(Extracted data entries)
BEGIN

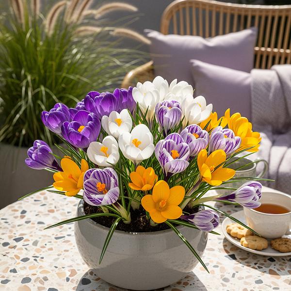 Crocus Large Flowering Mix is de perfecte toevoeging aan uw tuin. Deze bloembollen zijn ideaal voor in een border, maar ze doen het ook geweldig in een pot op uw balkon of terras. Met hun kleurrijke bloemen brengen ze een fleurig accent in elke buitenruimte.
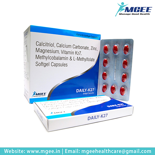 Daily K27 is a combination of seven medicines : Calcitriol, Calcium Carbonate, Zinc, Magnesium, Vitamin K2-7, Methylcobalamin, and L-Methyl Folate. Calcitriol is the active form of Vitamin D. It raises Vitamin D levels in your blood. This in turn raises calcium levels in your blood by helping you absorb more calcium from your intestine. Calcium carbonate is a dietary supplement used when the amount of calcium taken in the diet is not enough. Zinc is a nutritional supplement that provides essential nutrients to our body and improves overall health. Magnesium is an antacid that neutralizes the excessive acid in the stomach. Vitamin K2-7 plays a central role in the metabolism of calcium, the main mineral found in your bones and teeth. Vitamin K2-7 activates the calcium-binding actions of two proteins : matrix GLA protein and osteocalcin, which help to build and maintain bone health. Methylcobalamin is a form of vitamin B12 that restores its level in the body thereby helping in treating certain anemias and nerve problems. L-Methyl Folate is the primary biologically active isomer of folic acid and the primary form of folate in circulation. Folic Acid is a form of vitamin B. It plays a vital role in the formation of red blood cells, which carry oxygen throughout the body. It is also essential in pregnancy due to its role in the development of the unborn baby’s brain and spinal cord.
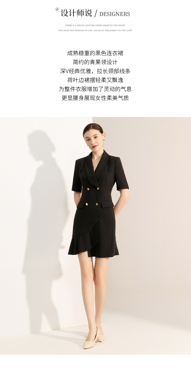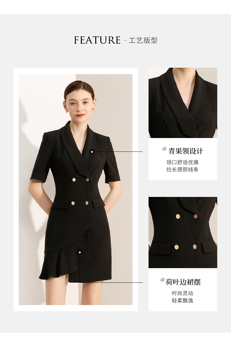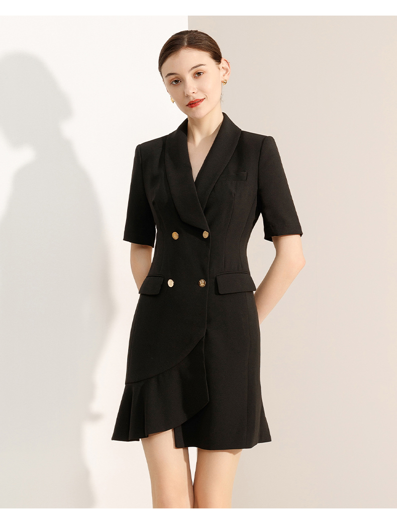 IWY/黑色西装连衣裙女夏季短袖新款高腰名媛气质女神范职业裙子Q11255
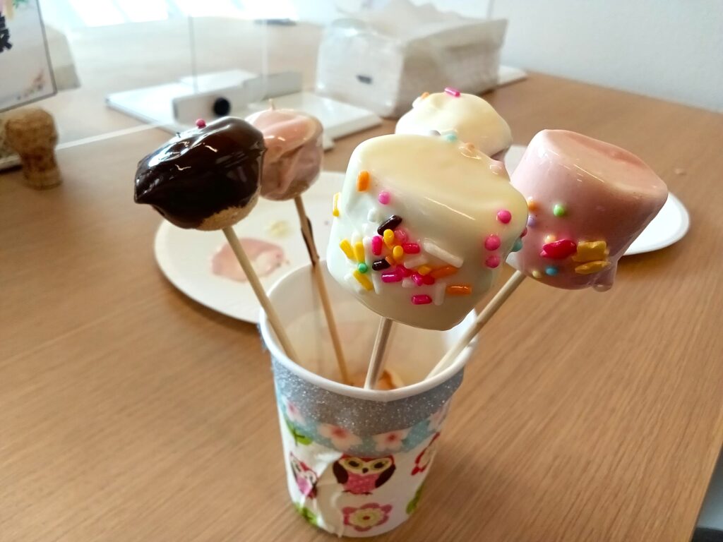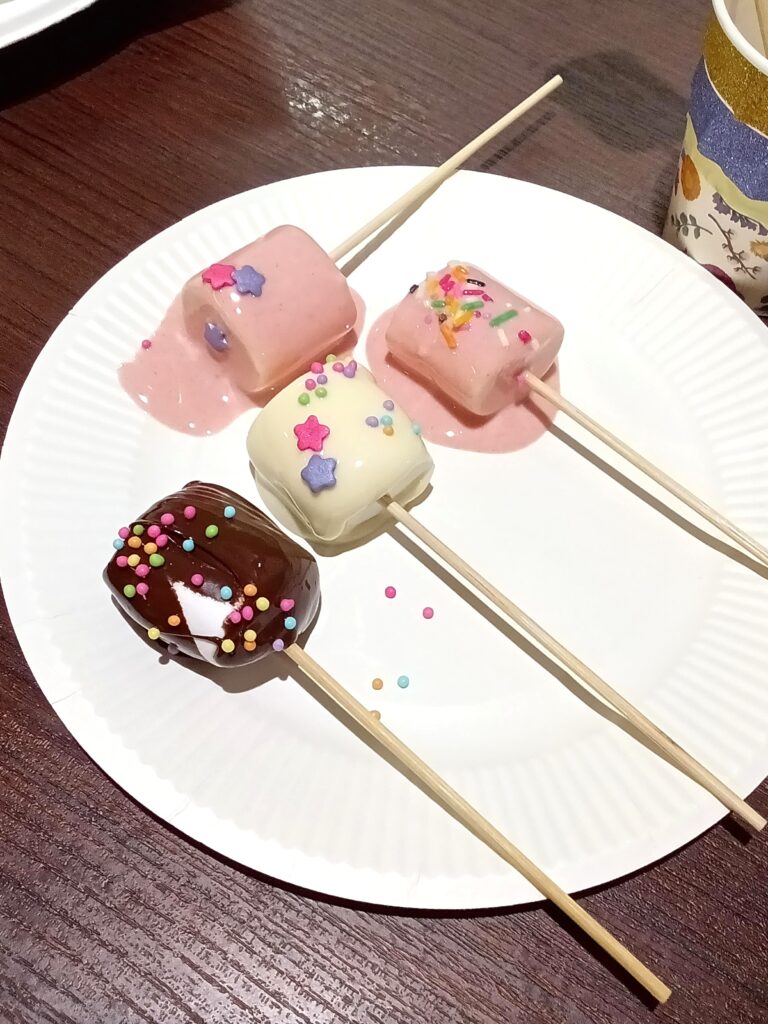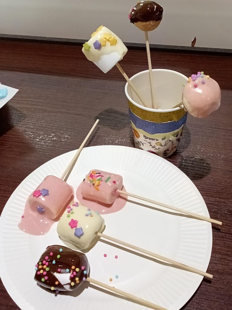 マシュマロや鈴カステラに溶かしたチョコレートをコーティングし、カラースプレーなどで様々なデコレーションをしたり、カップもマスキングテープを使用したオリジナル作品です。皆さん会話も弾みながら楽しいひとときとなりました。スミレの花ではこれからも季節を感じていただけるイベントを開催していきます。
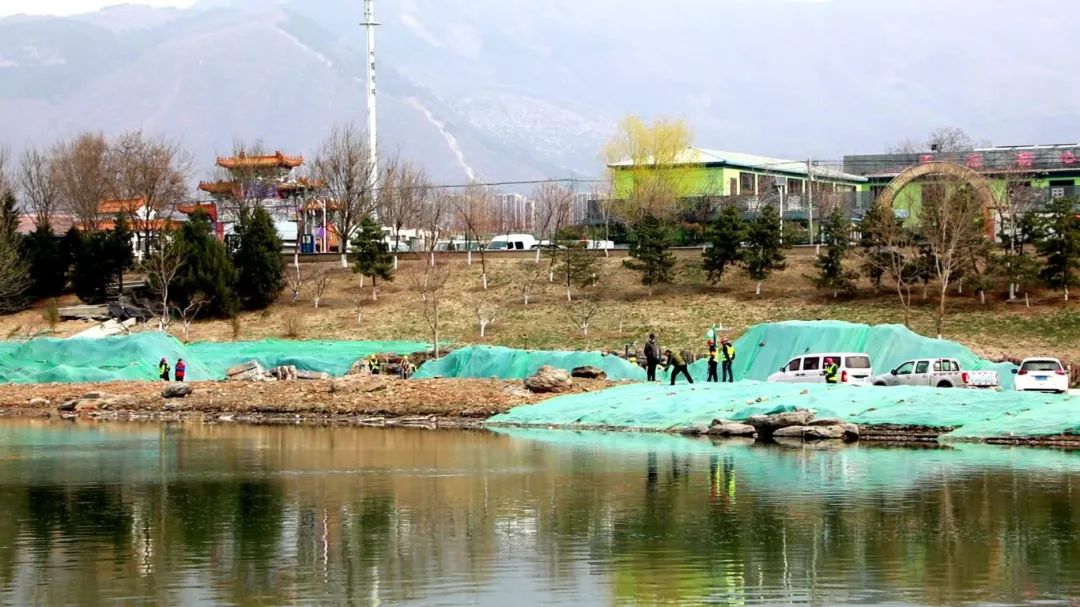 区水务局所负责的门城湖部分修复工程涉及河道长度5.24公里,包含河道疏浚、筑堤挖土、岸坡回填、垃圾外运等,目前已完成总工程量的61.3%。据了解,为了防止施工过程中的扬尘污染和水土流失,区水务局铺设防尘绿网,提升河道周边的整体形象。
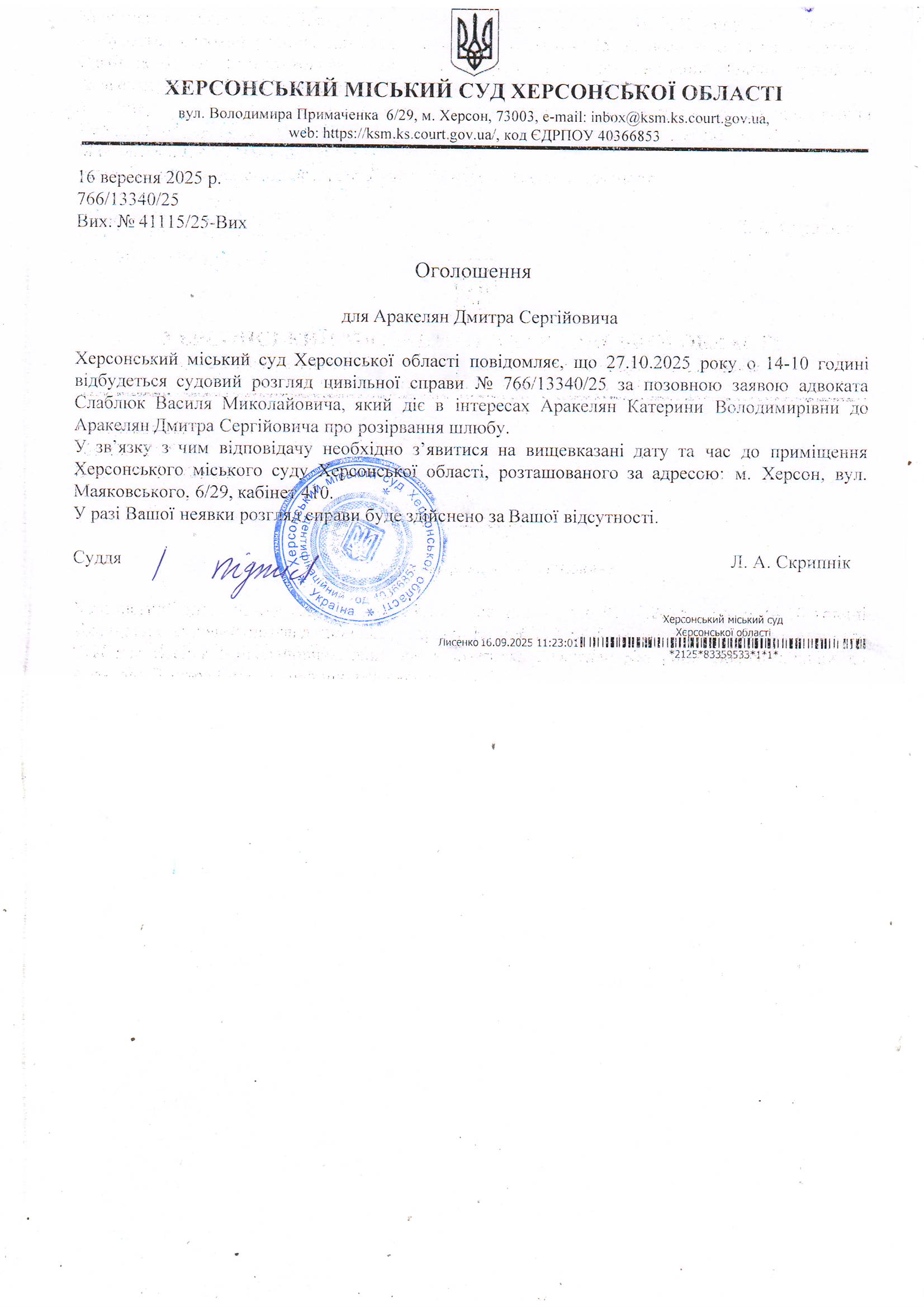 Оголошення для Аракеляна Дмитра Сергійовича
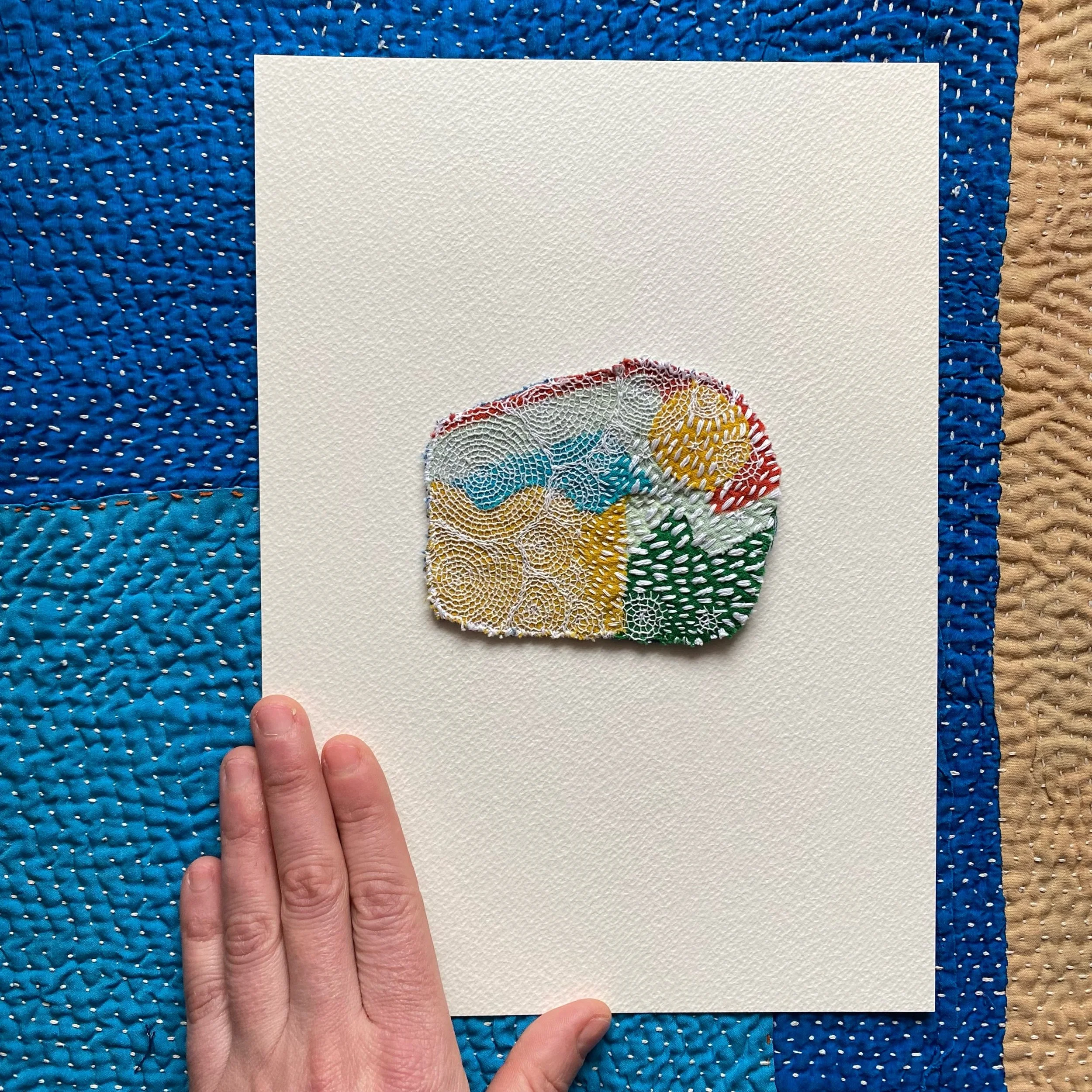 A small, intricate piece built through slow, repetitive stitching on antique Japanese textiles, exploring connection through accumulation. Each work is made by hand over many hours—no two are ever the same.

END

→ REQUIREMENT
Each line from the one holding "IWY/黑色西装连衣裙女夏季短袖新款高腰名媛气质女神范职业裙子Q11255" down to the end of the records is to be reproduced unaltered, and the pictures are to be omitted.

→ YOUR RESPONSE
 IWY/黑色西装连衣裙女夏季短袖新款高腰名媛气质女神范职业裙子Q11255
 マシュマロや鈴カステラに溶かしたチョコレートをコーティングし、カラースプレーなどで様々なデコレーションをしたり、カップもマスキングテープを使用したオリジナル作品です。皆さん会話も弾みながら楽しいひとときとなりました。スミレの花ではこれからも季節を感じていただけるイベントを開催していきます。
 区水务局所负责的门城湖部分修复工程涉及河道长度5.24公里,包含河道疏浚、筑堤挖土、岸坡回填、垃圾外运等,目前已完成总工程量的61.3%。据了解,为了防止施工过程中的扬尘污染和水土流失,区水务局铺设防尘绿网,提升河道周边的整体形象。
 Оголошення для Аракеляна Дмитра Сергійовича
 A small, intricate piece built through slow, repetitive stitching on antique Japanese textiles, exploring connection through accumulation. Each work is made by hand over many hours—no two are ever the same.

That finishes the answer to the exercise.